(PROVIDED RECORDS Opens)

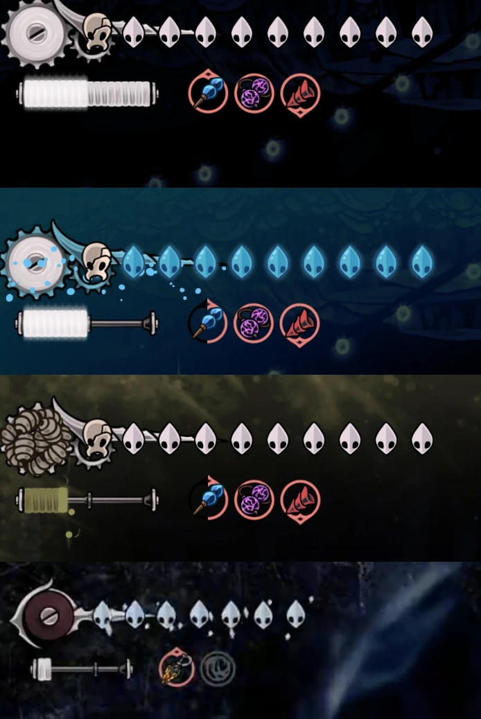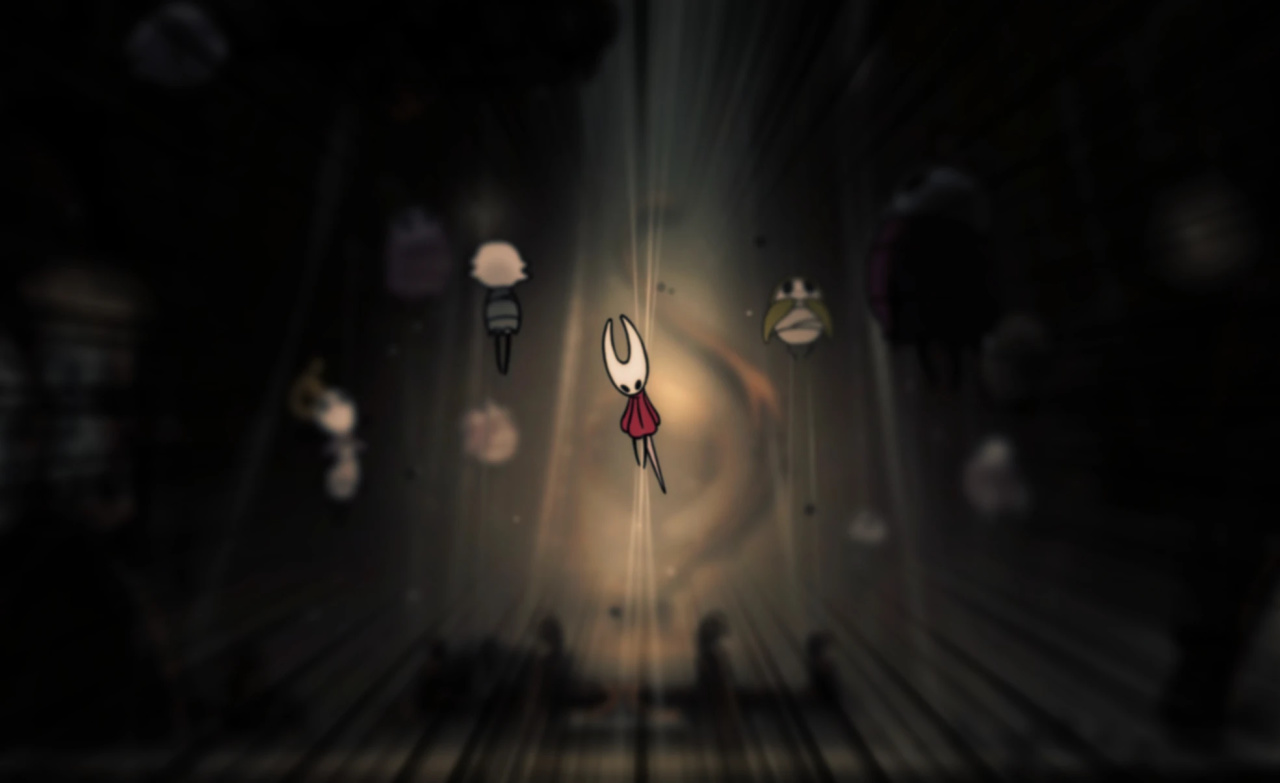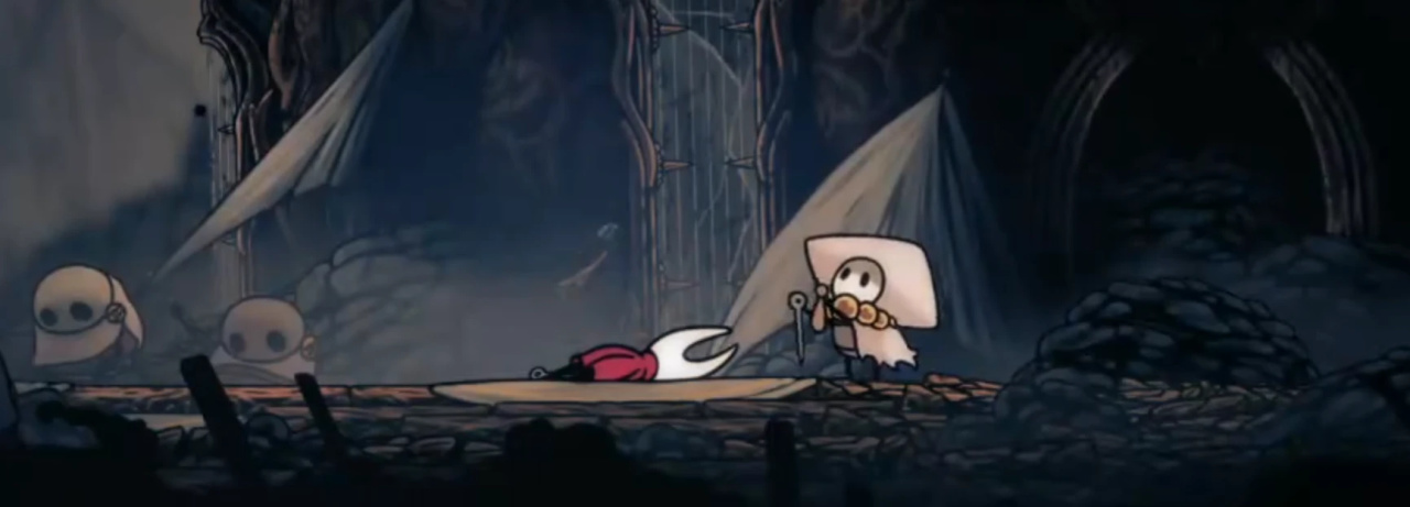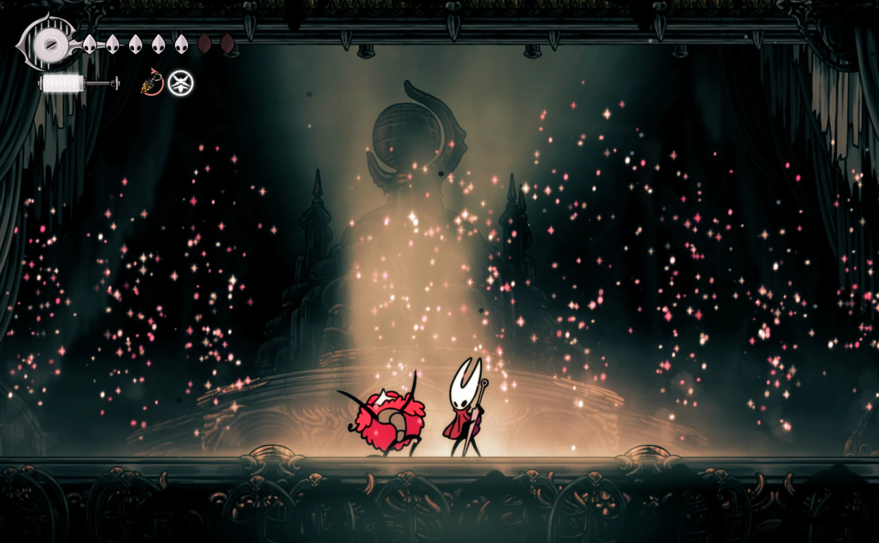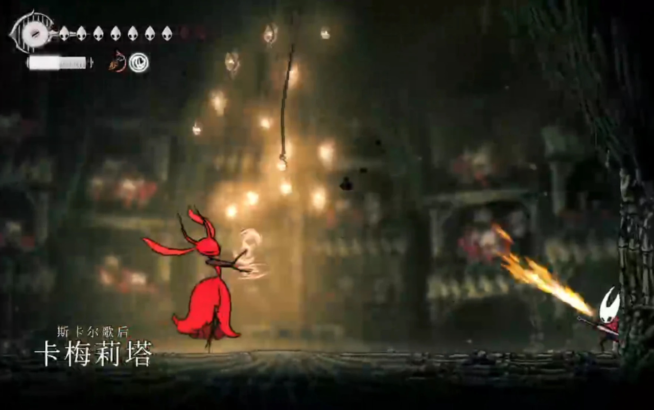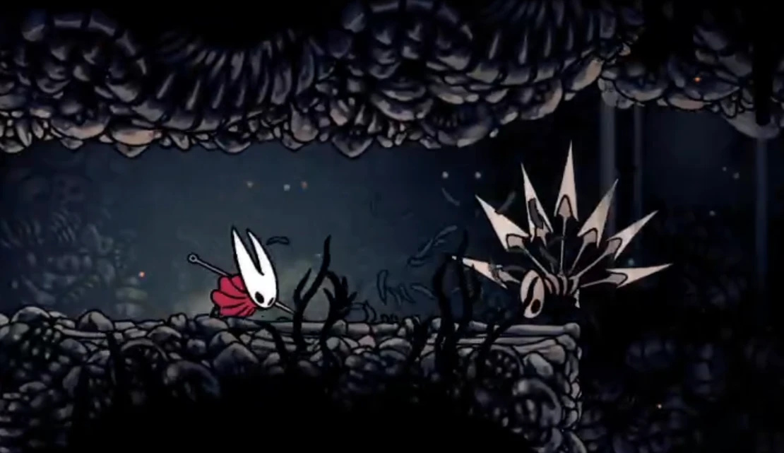 你可以理解为小骑士的花是在他受伤时,被他体内的虚空之力震碎的。而这张动图,其实也描述了另一个事实,就是在《空洞骑士》本体里,拼刀确实比《丝之歌》难……
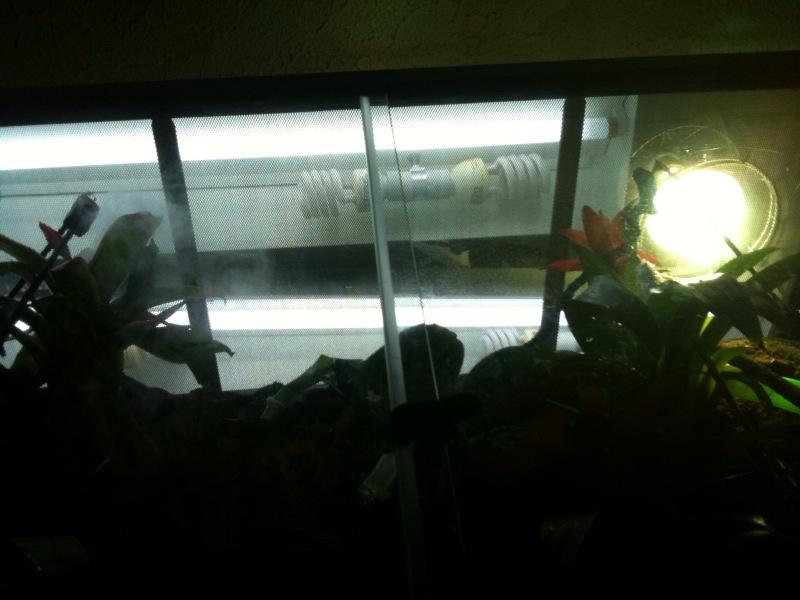 Well how about the top part of the form? Anyhow, are these other 5 uvb bulbs linear or the CF type? Im having trouble figuring out from the photo how you have that many lights going! But thats way to much for sure. I would also move the 10.0 up. The chameleon will need to regulate its uvb, it should not be able to "bask" at any point of the cage, heat, light, humidity, everything should have a gradient to it within the cage.
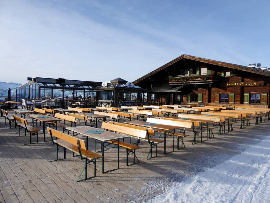 The view from the sun terrace is truly special – you won't find a panorama like this again anytime soon. The rustic mountain hut with its cozy parlors and delicious food attracts guests from all over the ski area. The bar on the sun terrace is a popular meeting point.
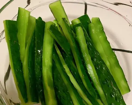 黄瓜可以用刨子刨成薄片,拌上调料后可以做成凉拌黄瓜,也很美味。
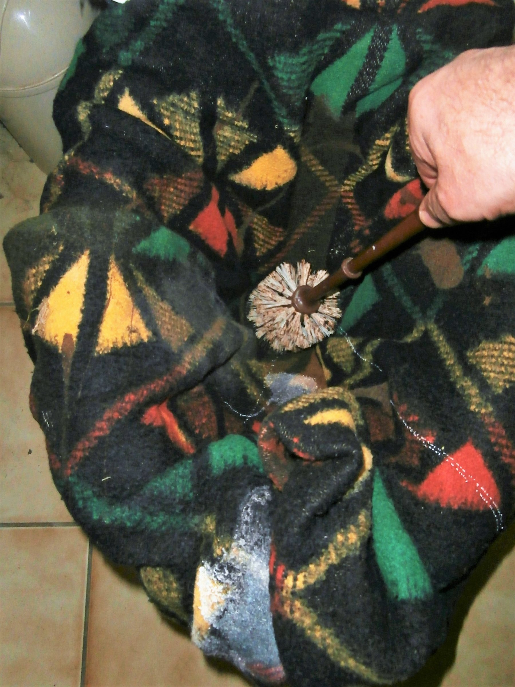 nasser Pipi Wolldecke, da es ja reichlich geregnet hat. Mal überlegen, was ich damit mache. Eingesaut ist die ja jetzt reichlich
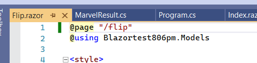 1. Since the previous page was index.razor, it’s getting loaded by design (from the index.html). so we need to update the URL to pick up the /flip page, by adding it to the end of the URL, such as https://localhost:7110?flip (note, the port number will be different on your end)
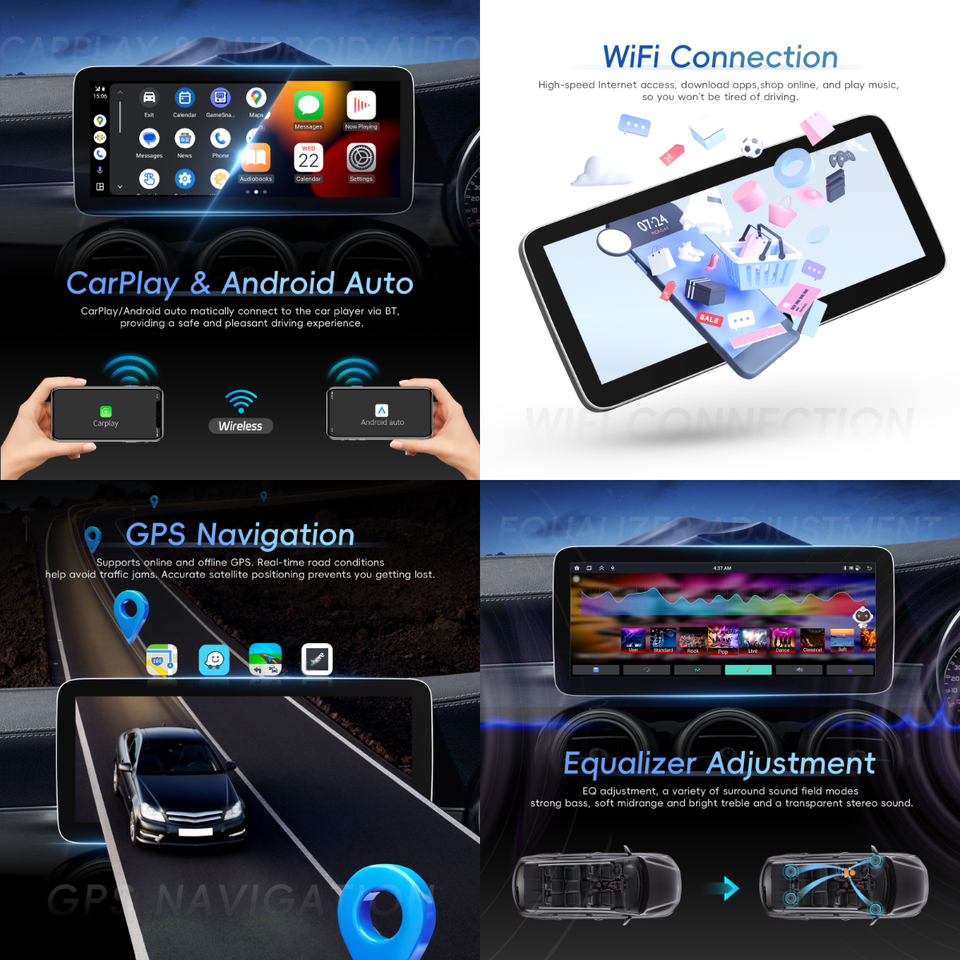 GPS, Stéréo, SANS MAINS, Amplificateur, CarPlay, Android auto, Écran partagé, Gestionnaire de fichiers, Volant de voiture de ContrôleFonction
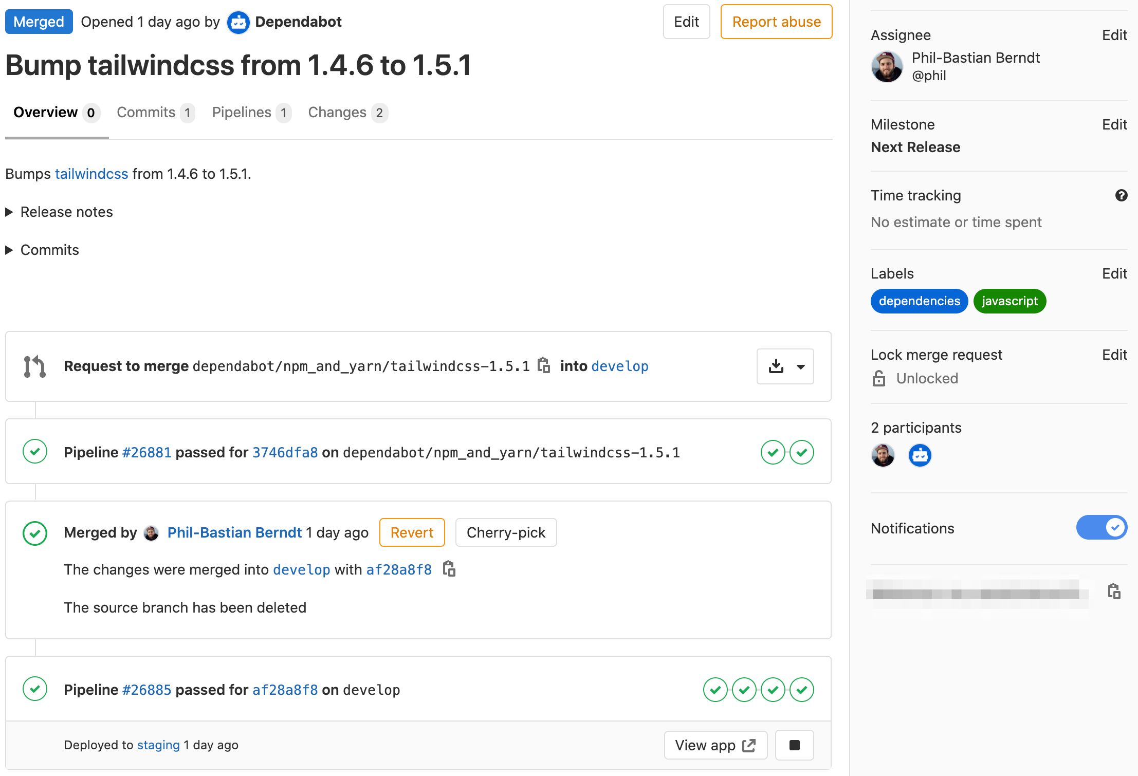 PROJECT_PATH: the path to the GitLab project (e.g.mygroup/myproject)GITLAB_ASSIGNEE_ID: the ID of the user to whom the created merge requests are assignedPACKAGE_MANAGER_SET: the package manager used in the project
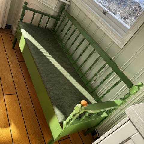 Liten benk med oppbevaringsmuligheter, bør males.
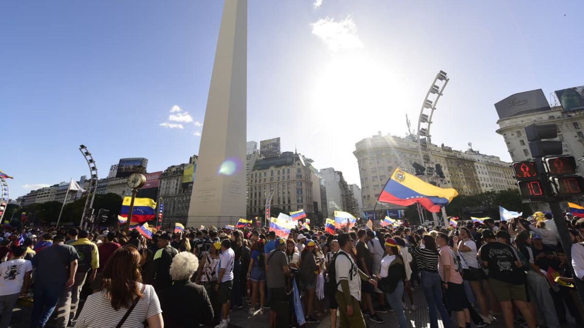 Por segundo día consecutivo, grupos de militantes venezolanos se concentran en el Obelisco para celebrar la captura de Nicolás Maduro.
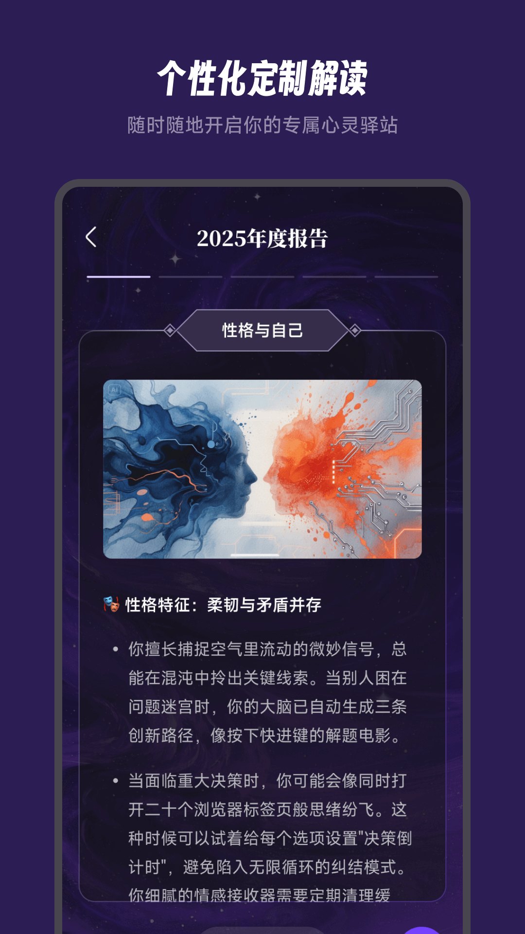 可查看个性化图文“宝典”报告,探索当日情绪走向与专属指引。
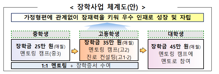 또한, 교육 프로그램이 장학생들에게 실질적인 도움이 될 수 있도록 진로·전공 맞춤형 멘토링 캠프를 진행하고, 진로 컨설팅 대상을 고1·고2로 확대하여 운영할 예정이다.
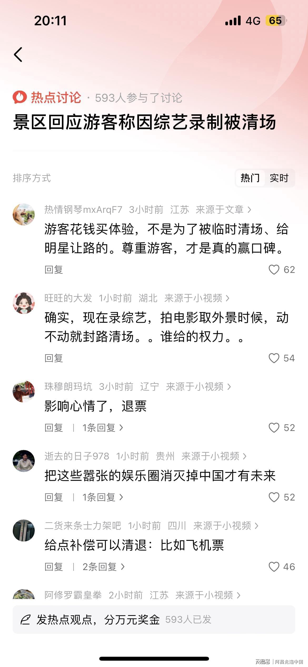 2、游客花钱买体验,不是为了被临时清场、给明星让路的。尊重游客,才是真的赢口碑。
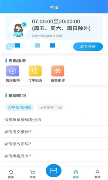 2. 提供清晰多样的自助客服服务,其中有使用指南、订单投诉以及设备报修多种服务工具,满足用户各种需求。
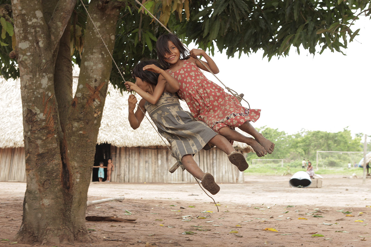 Os Panará também fazem o balanço de embira, fibra extraída da casca de árvores da região. A brincadeira é simples: uma pessoa senta na balança e a outra gira, gira, gira, até que toda a corda de embira esteja retorcida. Depois é só soltar e… Vertigem pura! Uma experiência corporal que fascina.
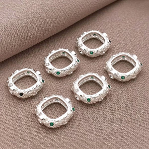 T899-11.3mm内7mm铜镀厚银强保色祥云波浪方形套珠圈-0.98g

(PROVIDED RECORDS Closes)

Restate the whole listing word for word. Omit the pictures.

YOUR SOLUTION
 你可以理解为小骑士的花是在他受伤时,被他体内的虚空之力震碎的。而这张动图,其实也描述了另一个事实,就是在《空洞骑士》本体里,拼刀确实比《丝之歌》难……
 Well how about the top part of the form? Anyhow, are these other 5 uvb bulbs linear or the CF type? Im having trouble figuring out from the photo how you have that many lights going! But thats way to much for sure. I would also move the 10.0 up. The chameleon will need to regulate its uvb, it should not be able to "bask" at any point of the cage, heat, light, humidity, everything should have a gradient to it within the cage.
 The view from the sun terrace is truly special – you won't find a panorama like this again anytime soon. The rustic mountain hut with its cozy parlors and delicious food attracts guests from all over the ski area. The bar on the sun terrace is a popular meeting point.
 黄瓜可以用刨子刨成薄片,拌上调料后可以做成凉拌黄瓜,也很美味。
 nasser Pipi Wolldecke, da es ja reichlich geregnet hat. Mal überlegen, was ich damit mache. Eingesaut ist die ja jetzt reichlich
 1. Since the previous page was index.razor, it’s getting loaded by design (from the index.html). so we need to update the URL to pick up the /flip page, by adding it to the end of the URL, such as https://localhost:7110?flip (note, the port number will be different on your end)
 GPS, Stéréo, SANS MAINS, Amplificateur, CarPlay, Android auto, Écran partagé, Gestionnaire de fichiers, Volant de voiture de ContrôleFonction
 PROJECT_PATH: the path to the GitLab project (e.g.mygroup/myproject)GITLAB_ASSIGNEE_ID: the ID of the user to whom the created merge requests are assignedPACKAGE_MANAGER_SET: the package manager used in the project
 Liten benk med oppbevaringsmuligheter, bør males.
 Por segundo día consecutivo, grupos de militantes venezolanos se concentran en el Obelisco para celebrar la captura de Nicolás Maduro.
 可查看个性化图文“宝典”报告,探索当日情绪走向与专属指引。
 또한, 교육 프로그램이 장학생들에게 실질적인 도움이 될 수 있도록 진로·전공 맞춤형 멘토링 캠프를 진행하고, 진로 컨설팅 대상을 고1·고2로 확대하여 운영할 예정이다.
 2、游客花钱买体验,不是为了被临时清场、给明星让路的。尊重游客,才是真的赢口碑。
 2. 提供清晰多样的自助客服服务,其中有使用指南、订单投诉以及设备报修多种服务工具,满足用户各种需求。
 Os Panará também fazem o balanço de embira, fibra extraída da casca de árvores da região. A brincadeira é simples: uma pessoa senta na balança e a outra gira, gira, gira, até que toda a corda de embira esteja retorcida. Depois é só soltar e… Vertigem pura! Uma experiência corporal que fascina.
 T899-11.3mm内7mm铜镀厚银强保色祥云波浪方形套珠圈-0.98g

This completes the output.